Another helping of green bean casserole or sage and cranberry biscuits sounds so good, we dish up seconds while the original serving is still on the plate.
Then, the regret. Overindulgence leads to an uneasy feeling of fullness.
Similar to holiday feasts, technology feasts can end in overconsumption.
CIO Dive asked six technology executives what they are full of this year. Here is what they wrote back:
1. Jamie Head, chief information officer of Ocean Spray:
Companies are too comfortable with overusing the term "digital transformation," according to Head. "I like to ask people to rephrase a sentence that contains the word 'digital' with a capability that describes exactly where technology and process can make a breakthrough."
Saying "we're fully agile" when "having an internal DevOps team running agile projects is only 50% of the opportunity," he said. "Creating change throughout an entire organization to be agile across design, process and execution is the place to unlock real speed and competitive advantage."
Finally, blockchain is "not a technology that provides overnight transformation; it's a long term technology that will eventually bleed into processes and vendors landscapes organically once regulation and standards prevail, with the exception of banking."
2. Julie Averill, EVP and chief technology officer at Lululemon:
"I'm tired of email!" she told CIO Dive — in an email. Email in many ways has already peaked in workplace productivity. It's actually beginning to hinder employee efficiency and work management.
As the communication market continues to streamline platforms and automation steps in, email's days could be limited. "There are better communication systems out there and I'm looking forward to the day when email goes away entirely."
3. Kevin Ubert, Vice President of Information Technology, Vitamix:
The overuse of artificial intelligence allows people to "interpret it as a human replacement," said Ubert.
"That may be true in some limited cases, but I think of it as a tool for 'augmented intelligence', which is the application/deployment of today's artificial intelligence in a supportive role to enhance a human's intelligence."
By design, AI can alleviate humans of mundane tasks therefore freeing them to pursue challenges that drive more value, he said.
"It could also be used to identify potential solutions to or root cause of issues involving large amounts of data, something either too complex or too time consuming for a human to do effectively (if at all), thus reducing or eliminating the investigative time and putting the human into a problem solving mode."
4. Gee Rittenhouse, SVP and GM of Security Business at Cisco:
"I'm tired of hearing about security as something independent, whether it's a technology or an offer," said Rittenhouse.
"Customers want their businesses to be secure. They don't want to have security bolted on after." Security has to be a priority at all times for companies. But all too often "the industry's response to a particular threat is to add security on" instead of "building security in," he said.

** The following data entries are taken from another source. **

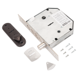 Замок врезной сувальдный с задвижкой для металлических дверей. Замок имеет засов из пяти цилиндрических ригелей диаметром 18 мм, с максимальным вылетом 40 мм, и задвижку с вылетом 21 мм. Удаление ключевого отверстия 66,5 мм. Количество оборотов ключа - 4. Габариты замка - 137,5х146х30 мм. Комплектация - 5 ключей, съемная торцевая планка, комплект накладок, накладка с ручкой-задвижкой. В одном из ригелей расположен закаленный стальной стержень, обеспечивающий надежную защиту от перепиливания. Защита от криминального и силового взлома, высверливания, выдавливания.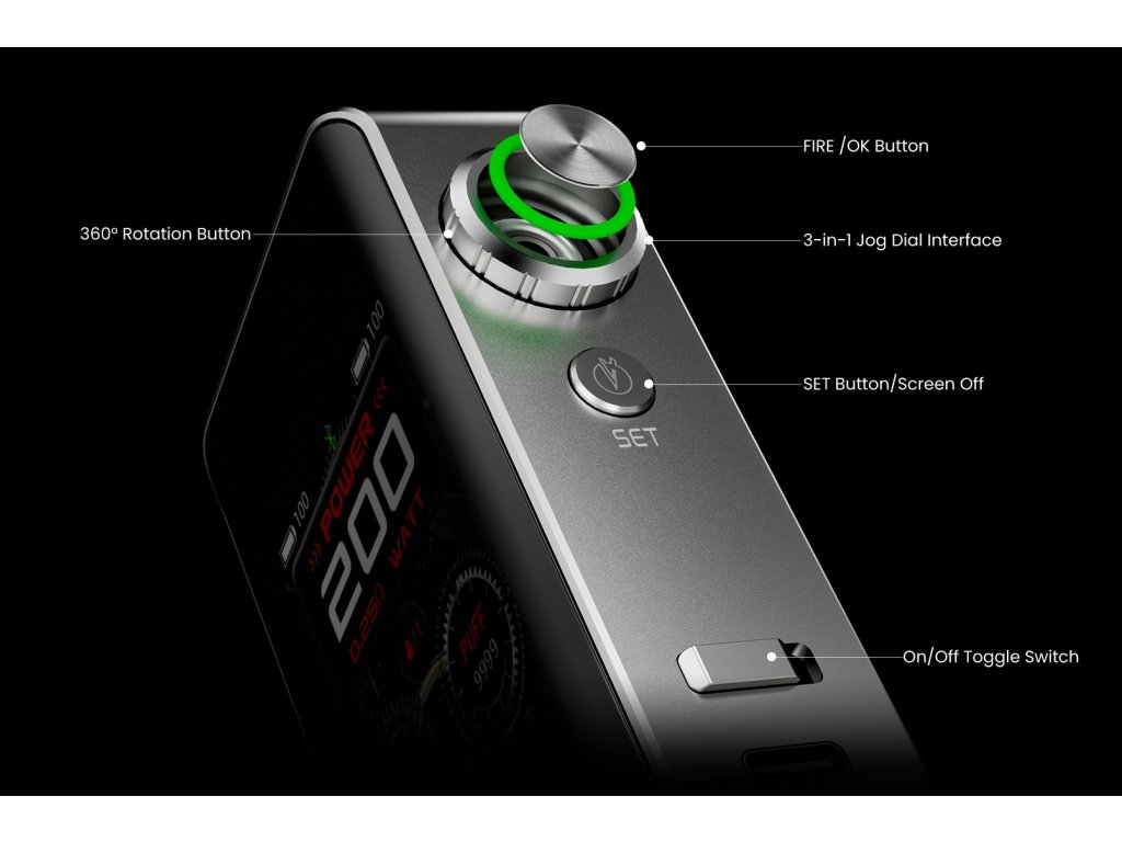 Obrovský barevný displej: Celému modu na první pohled jasně vévodí živelný obrovský TFT displej v boční části. S úhlopříčkou 2.4" budete mít všechny potřebné informace ihned k dispozici a díky skvělému jasu je vždy všechno krásně čitelné. Lost Vape Centaurus BT200 je box mod pro ty nejnáročnější, kteří si potrpí na bezproblémové a hladké ovládání a prestižně vyhlížející zařízení. S modem se vždy zaručeně odlišíte a získáte něco zcela výjimečného.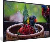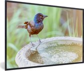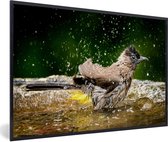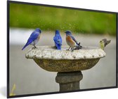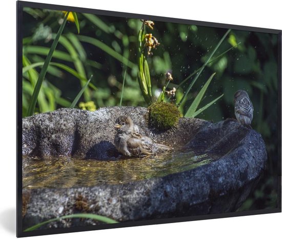 Photo en cadre - Jeunes moineaux dans un bain d'oiseaux par une chaude journée d'été Cadre photo noir sans passe-partout 30x20 cm - Affiche sous cadre (Décoration murale salon / chambre)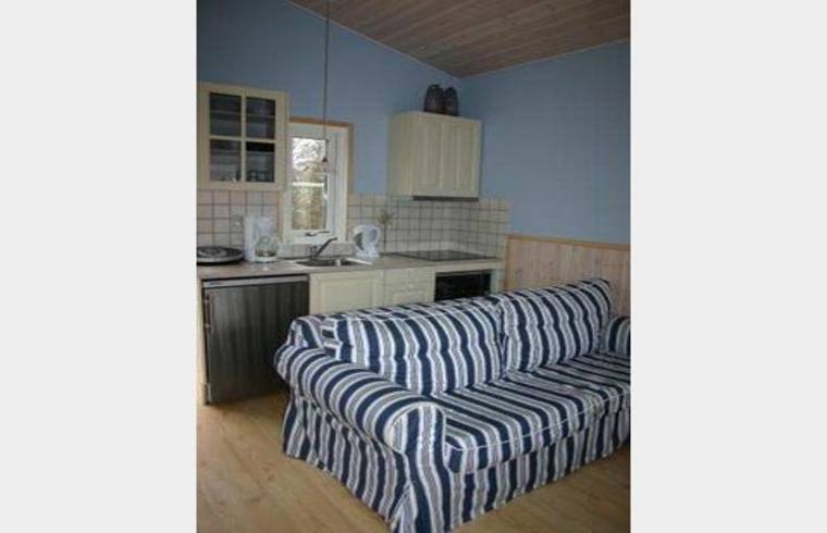• Stue med sovesofa, soveværelse med dobbelt-seng, hems med sovesofa.

There's a tendency to separate security from other foundational business entities like users, data and communications, he said but "customers need all of these pieces to be secure versus tacking on a separate piece called security."
5. Arthur Orduna, EVP and chief innovation officer at Avis Budget Group:
"A lot of it has to do with my background, internet of things," he said. "My personal pet peeve, when I was at ADT [Security Services], our focus was really connected home … it coincided suddenly with 'hey, internet of things is this thing and it's hot,' " around 2012.
Orduna, with a background in embedded systems, knew the hype on IoT was an exaggeration. "It's not not new, it's a natural evolution of what's already been developed, it's just that now you add the ubiquitousness of both broadband and higher level applications and usage on the internet."
Embedded systems were already communicating with each other in a "network of things for the last several decades," IoT is just what happened next.
6. Colin Earl, CEO of Agiloft:
"I am sick of hearing about 'low code' systems. It is just marketing speak for 'you cannot configure our system without manual coding,' " according to Earl.
"The result is generally a high cost, bloated, system that is full of bugs and security holes. I'm sick of big software companies convincing businesses that enterprise software costs millions of dollars and takes a year or more and an army of consultants to implement."
Companies that use "no-code platforms" the ability to better tailor and scale software for their needs for cheaper, he said. The "the customer is not left dependent on the vendor to maintain a tangle of black box manual code."